> [Provided data]
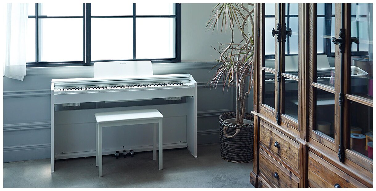 Number of keys: 88, key size: full size, keyboard stiffness: weighted, hammer action, keyboard cover, pedals: built-in, left una corda pedal, right damper pedal, middle sostenuto pedal, body:
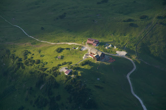 Ersatzfrühstück gabs dann auf der Kastenalm - am Vortag noch alle Bänke besetzt, heute dank der frühen Uhrzeit noch leer - bei Mohnkuchen und Radler.
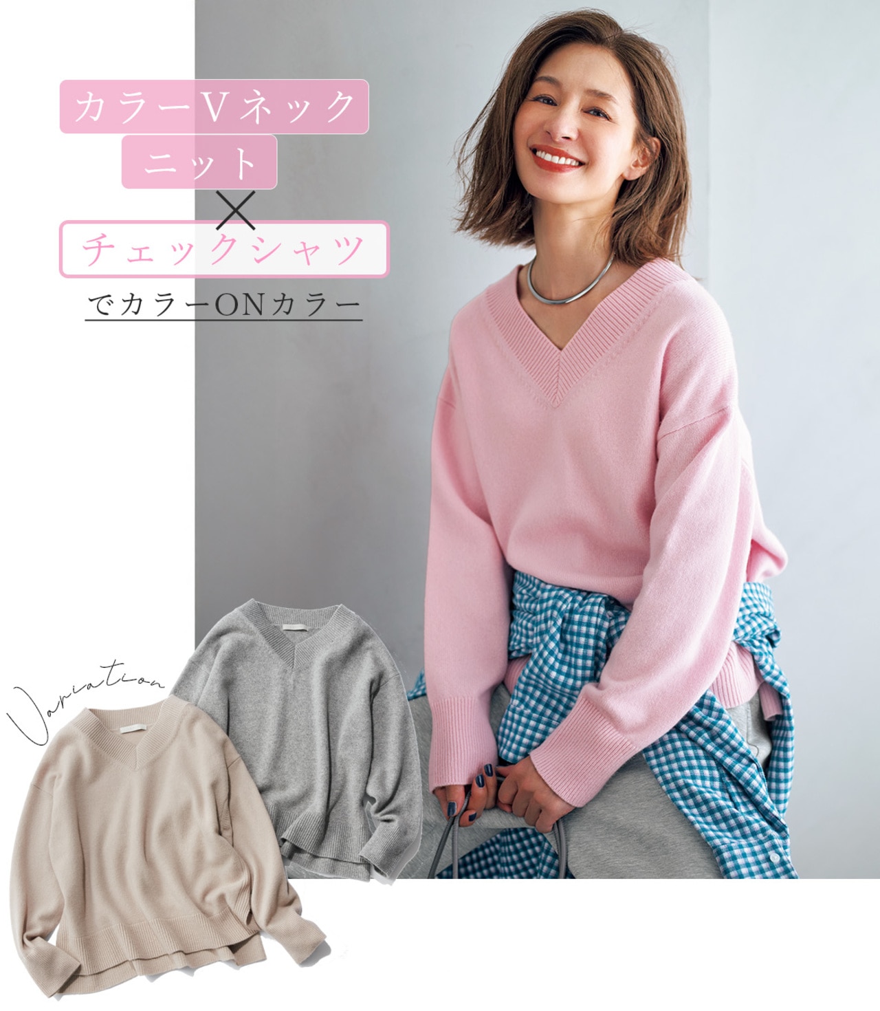 気になるニットの着膨れもV開きで顔周りもスッキリ。鮮やかな発色で1枚でもサマになるし、柄シャツを腰に巻いてイージーパンツと合わせれば、気軽にリズムのあるカジュアルスタイルが完成! ピンクの多幸感で、毎日の着こなしがもっと楽しくなるニットです。
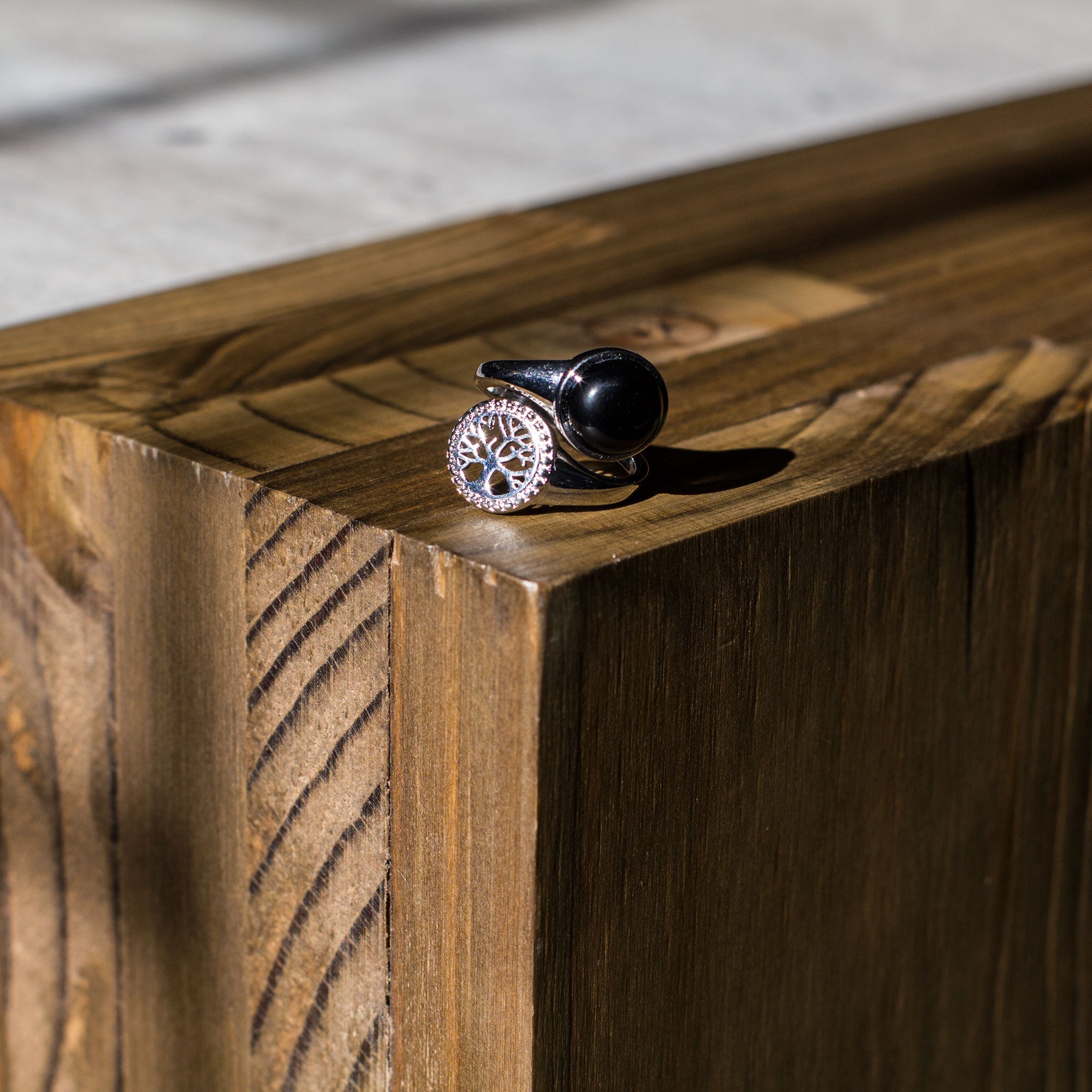 Are you drawn to the calming and grounding influence of crystals, and the liberating lifestyle they symbolize? If so, immerse yourself in the sheer beauty of our exclusive assortment of crystal rings. These exquisite wrap-around adjustable rings are a sight to behold, featuring a dazzling tree of life intricately set in a mesmerizing circular pattern, accentuated by a captivating and flawlessly cut round cabochon crystal at its center. Each ring is a fusion of elegance and spirituality, designed to resonate with your inner wanderer and free spirit.

> [Prompt]
Write out the data above in full and exactly, but not the pictures.

> [Task output]
 Number of keys: 88, key size: full size, keyboard stiffness: weighted, hammer action, keyboard cover, pedals: built-in, left una corda pedal, right damper pedal, middle sostenuto pedal, body:
 Ersatzfrühstück gabs dann auf der Kastenalm - am Vortag noch alle Bänke besetzt, heute dank der frühen Uhrzeit noch leer - bei Mohnkuchen und Radler.
 気になるニットの着膨れもV開きで顔周りもスッキリ。鮮やかな発色で1枚でもサマになるし、柄シャツを腰に巻いてイージーパンツと合わせれば、気軽にリズムのあるカジュアルスタイルが完成! ピンクの多幸感で、毎日の着こなしがもっと楽しくなるニットです。
 Are you drawn to the calming and grounding influence of crystals, and the liberating lifestyle they symbolize? If so, immerse yourself in the sheer beauty of our exclusive assortment of crystal rings. These exquisite wrap-around adjustable rings are a sight to behold, featuring a dazzling tree of life intricately set in a mesmerizing circular pattern, accentuated by a captivating and flawlessly cut round cabochon crystal at its center. Each ring is a fusion of elegance and spirituality, designed to resonate with your inner wanderer and free spirit.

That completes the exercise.